# New 335D



## gsglag (Oct 20, 2011)

I purchased a 2011 335d in February 2012. I've installed a Sprint Booster and the Burger Upgrade. Both are nice mods although I've not yet run the Burger at 100%. Has anyone found a good air intake for the 335d. I'd prefer a dry cone filter versus the K&N.

Thanks


----------



## floydarogers (Oct 11, 2010)

I wasn't aware that they make a Sprint Booster for the diesel. It's useless in any case.

In general, after-market filters are useless for any real HP gain. The OEM intake is cold-air, and the OEM filter is better at filtering stuff than aftermarket filters. You really need a larger intercooler if you want more airflow.


----------



## gsglag (Oct 20, 2011)

I would disagree on the Sprint Booster. I know of three bmw's including my 335d that experience pedal lag (press the pedal and there's a delay response before you move). I installed one on my Audi S4 and this 335d and it makes all the difference. I've had K&N filters on all my cars and am looking for something other than a drop in for my 335d.
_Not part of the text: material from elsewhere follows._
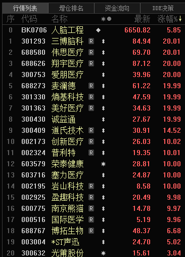 这里,姑且从这两天20com涨停的人脑工程概念股中,看看哪些大资金早已提前潜入。

HP gain is not the only benefit to the filter - again engine response improves with the filter.


----------



## Axel61 (Mar 10, 2011)

@gsglag I didnt know Sprint Booster had one for the "D" wow, I heard they're awesome!!! As far as concern NO way Jose with K&N had bad experience on my 02 MCS the oil messed up my Mass Air Sensor I installed an AMSOIL Microfiber Cone filter and NEVER had problems!!! I installed the EaAU 4070 which is the smallest one to fit our "D" because of its size but it was to long its 7" long and we need a 6" or less, I tell you the car ran very smooth and you could hear and feel the rumble but, had to take it out since our engine are kind of sealed out to prevent noise claterring form the DIESEL and felt it was breathing more hot air than anything. send me a PM and I will send txt message to your phone with the photos ok!! BTW give the part number where when and how much the booster cost you plus a detailed install of it , Sorry amigo this is the way we roll here!! LOL


----------